On the heels of the UC's recommendation, the Clinton administration proposed in its 1993 Clean Water Act reauthorization package to study ways to reduce and eliminate the use of chlorine and chlorinated products. The CCC, led by Dow and others, responded hysterically to this proposal, which seemed to match their call for "sound science." A huge industry "grassroots" (more like astroturf) lobbying campaign generated over a million letters to Congress, most repeatedly denouncing EPA's silly attempt to "ban an element from the periodic chart."

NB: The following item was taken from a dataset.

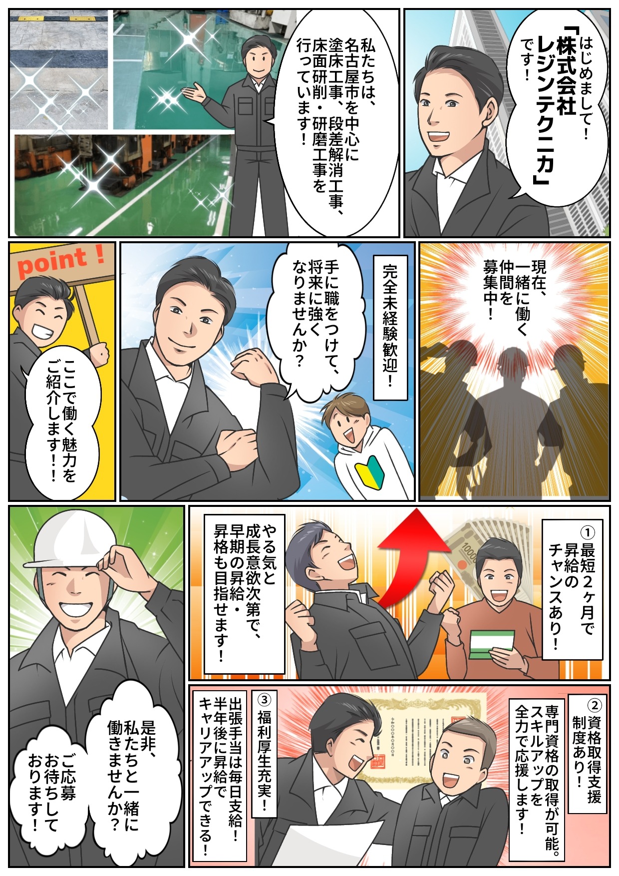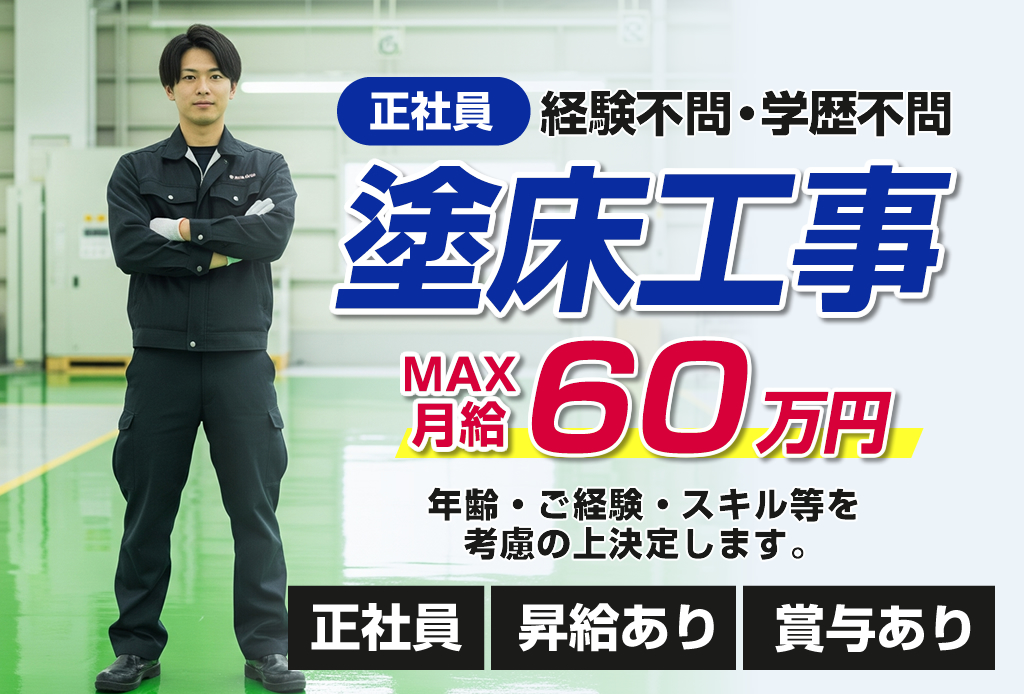 当社が手がけているのは床を塗装する塗床や防水施工。大手自動車関連メーカーや食品加工を手掛ける工場、飲食店、自動車ディーラー等の店舗など様々な床面のコーティングを手掛けています。突発的な案件が少ないため残業も少なく、また、長く働く環境づくりの一環として働きやすい作業服の支給や手当の底上げも行うなど、働きやすい環境整備を行っています。週2日のペースで休暇もしっかり!未経験から手に職を付けませんか?
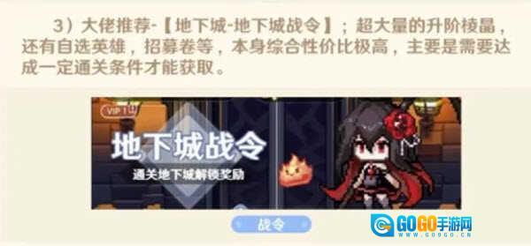 高阶玩家推荐:地下城战令系统,提供超量升阶棱晶、自选英雄以及招募卷等奖励,整体性价比极高,但需满足特定通关条件方可解锁。

The industry's "outrage" over the potential economic impacts of phasing out chlorine was outlined in a report the Chlorine Institute commissioned from Charles River Associates (CRA), an American consulting company. CRA claimed the UC's recommendation would cost the U.S. and Canadian economies $102 billion (U.S.) per year, would impact 1.4 million jobs, and would severely disrupt local and regional economies. The CRA's estimates of the costs of phasing out chlorine drastically overestimated the actual costs of a chlorine phase-out, largely because CRA assumed the transition would occur instantaneously by bureaucratic fiat, without any intelligent thought or planning. (Which is why the Clinton administration actually proposed a study of the uses of chlorine, rather than an outright ban). Though CRA admitted that alternatives are available for virtually all uses of chlorine, often they picked expensive alternatives when cheaper options were available for comparison. CRA also forgot to balance the costs with potential benefits, including reduced Superfund cleanup costs (which the industry is currently working with Congress to pass along to the taxpaying public), reduced health costs, and potential job creation in the alternatives.

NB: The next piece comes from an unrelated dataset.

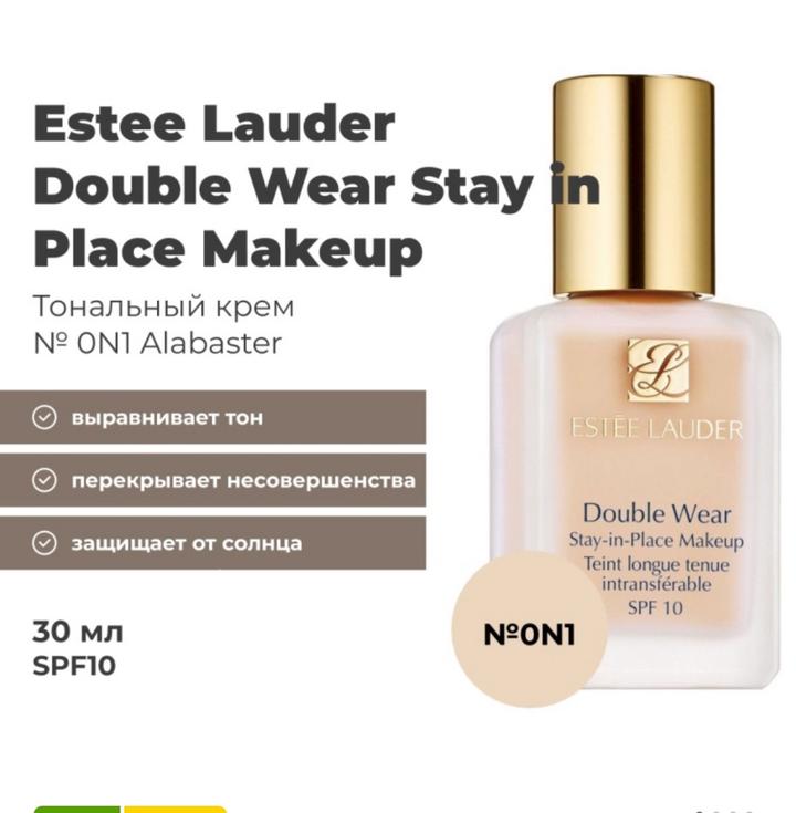 Estee Lauder Double Wear Stay-in-Place Makeup Оттенок 0N1 Alabaster (30 мл, SPF 10) Пользовалась всего 3–4 раза. Состояние почти идеальное. Оттенок светлый, отлично выравнивает тон кожи и перекрывает несовершенства. Очень стойкий, держится весь день. Продаю, потому что не совсем подошёл оттенок. Артикул: 480060

Dioxin: The Watergate of Molecules

Nowhere has the battle over chlorinated compounds been more heated in the U.S. than in the evolution of EPA's ongoing examination of dioxin, the most extensive study of a chemical ever conducted.

Industry has invested much in influencing and interpreting this important scientific study since it has huge implications for regulatory policy. In 1994, Greenpeace was leaked a copy of a focus group study conducted for the CCC which concluded that the public doesn't understand the problems with chlorine (which they associate more with water than PVC, paper production, and the other products which dominate industrial chlorine chemistry) as much as they react strongly to the word "dioxin." The task for the CCC, the pollsters concluded, was to ensure the connection is not made in the public's mind. Preventing EPA from making the connection in its Dioxin Reassessment was therefore crucial, as it would open the door to new regulations that would potentially prioritize the phase-out of certain chlorine sectors.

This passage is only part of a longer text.